Corporativismo e impunidade

Se o órgão criado para apurar indícios de atos ilegais praticados na administração pública e punir os responsáveis pelas irregularidades se alia aos investigados, as consequências mais óbvias serão a facilitação e a disseminação das práticas sob investigação. Esta é, lamentavelmente, a situação que se está criando no serviço público, pois as corregedorias - responsáveis pela apuração de atos irregulares e punição dos eventuais culpados - estabeleceram um "acumpliciamento corporativo" com servidores envolvidos em desmandos e corrupção, como descreveu o ministro da Justiça, José Eduardo Martins Cardozo, criando uma situação por ele considerada "inaceitável" (Estado, 26/11).

O Estado de S.Paulo

05 Dezembro 2011 | 03h05

Dinheiro público que deveria ser aplicado em projetos de interesse coletivo é desviado para os bolsos de umas poucas pessoas ou é desperdiçado. Assim, os contribuintes recolhem impostos em troca de serviços cada vez mais deficientes. Por causa de acertos entre corregedorias e investigados, os responsáveis pelos atos ilegais raramente são alcançados pela punição administrativa ou financeira. Em muitos casos, ainda escapam da ação judicial que poderia ser aberta contra eles com base no que foi apurado no plano administrativo.

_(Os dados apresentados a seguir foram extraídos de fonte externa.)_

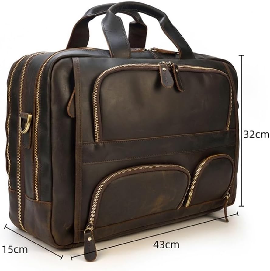 Vintage Distressed Leather Briefcase Men 17 Inch Waterproof Business Travel Vacation Laptop Bag with Shoulder Strap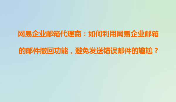 2025-10-29網(wǎng)易企業(yè)郵箱代理商:如何利用網(wǎng)易企業(yè)郵箱的郵件撤回功能,避免發(fā)送錯誤郵件的尷尬? 一、網(wǎng)易企業(yè)郵箱的核心優(yōu)勢 作為國內(nèi)領(lǐng)先的企業(yè)級通信服務(wù)提供商,網(wǎng)易企業(yè)郵箱...

"Quantas vezes vemos situações de corregedorias que, diante de ilícitos evidentes e de um mal-estar na própria corporação em que o órgão está, resolvem colocar a sujeira debaixo do tapete para não ter que colocá-la à luz do sol, o que evidentemente propiciaria uma lição mais firme e decidida", disse o ministro, durante reunião da Estratégia Nacional de Combate à Corrupção e à Lavagem de Dinheiro, organização formada por 70 entidades de prevenção e repressão ao crime organizado. Essa organização se reúne anualmente para discutir mecanismos de proteção dos recursos do Tesouro Nacional contra a corrupção.

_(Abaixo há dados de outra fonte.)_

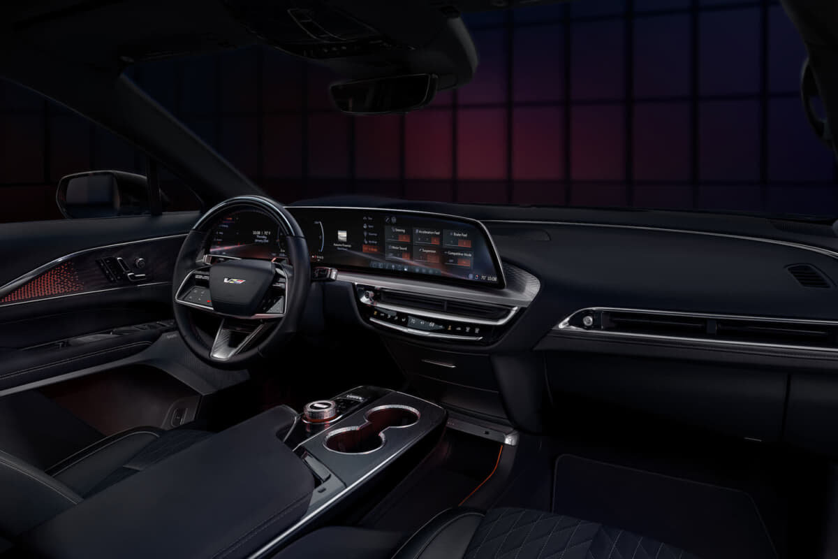 インテリアはキャデラックの伝統であるラグジュアリー性と先進性を兼ね備え、33インチの大型LEDディスプレイを採用。キャデラック「Vシリーズ」専用の表示インターフェースで走行情報を直感的に把握できる。シートには“V”ロゴ入りのパーフォレーテッド・ナッパレザーを使用し、快適性にも配慮したベンチレーション機能を備える。ステアリングには専用バッジやVモードボタンを配置し、特別感を演出している。

Nem todas as corregedorias se renderam ao corporativismo denunciado pelo ministro da Justiça. Há exemplos de órgãos de investigação interna que não se submetem ao tráfico de influência ou aos interesses de uma pequena parte do funcionalismo, e procuram desempenhar seu papel com a isenção que ele requer.

Embora o ministro Cardozo não a tenha citado, suas palavras podem ser interpretadas como de apoio à corregedora do Conselho Nacional de Justiça (CNJ), ministra Eliana Calmon, que enfrenta forte resistência corporativa de parte da magistratura ao ritmo e ao estilo de trabalho que vem desenvolvendo.

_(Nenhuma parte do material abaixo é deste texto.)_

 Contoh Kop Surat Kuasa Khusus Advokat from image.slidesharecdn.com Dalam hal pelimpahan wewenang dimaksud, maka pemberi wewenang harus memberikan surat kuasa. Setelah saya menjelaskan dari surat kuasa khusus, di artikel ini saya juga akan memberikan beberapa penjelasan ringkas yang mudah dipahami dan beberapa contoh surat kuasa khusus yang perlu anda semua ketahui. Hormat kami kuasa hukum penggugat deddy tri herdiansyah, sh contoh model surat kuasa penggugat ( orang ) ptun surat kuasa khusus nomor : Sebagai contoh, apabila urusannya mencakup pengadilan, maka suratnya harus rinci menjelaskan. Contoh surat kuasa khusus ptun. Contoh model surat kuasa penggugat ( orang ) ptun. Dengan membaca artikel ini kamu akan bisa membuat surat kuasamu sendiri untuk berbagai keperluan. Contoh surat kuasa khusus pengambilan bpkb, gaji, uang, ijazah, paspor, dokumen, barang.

Na semana passada, a chefe da corregedoria do CNJ informou que o órgão está investigando operações suspeitas envolvendo um grupo de juízes em grilagem de terras nos Estados de Mato Grosso, Mato Grosso do Sul, Piauí e divisa entre Bahia e Goiás. Em setembro, a ministra Eliana Calmon havia afirmado ser necessário combater a impunidade dos "bandidos que se escondem atrás da toga", o que provocou a divulgação, pelo presidente do Supremo Tribunal Federal (STF), ministro Cezar Peluso, de uma nota de repúdio em que também cobrava retratação da ministra, que não se retratou.

Em ação de inconstitucionalidade impetrada no STF, a Associação dos Magistrados Brasileiros (AMB) questiona as prerrogativas do CNJ para investigar e punir juízes acusados de desvio de conduta. No seu entender, só depois de julgadas pelas corregedorias dos respectivos tribunais as denúncias poderiam ser examinadas pela corregedoria do CNJ.

É neste ponto que as afirmações do ministro da Justiça ganham maior relevo. As corregedorias locais têm em andamento 1.085 investigações contra magistrados, de acordo com dados divulgados pelo ministro Cezar Peluso, que também preside o CNJ. O número elevado pode sugerir trabalho intenso das corregedorias locais. Mas relatórios da Corregedoria Nacional de Justiça, chefiada pela ministra Eliana Calmon, constataram a existência de processos "esquecidos" em prateleiras ou que vêm passando de gaveta em gaveta - alguns, desde 2005. Na prática, pouco se investiga.

Como são leves as punições administrativas para boa parte das atos investigados, o prazo de prescrição é curto. A demora no julgamento dos processos, por isso, beneficia os investigados.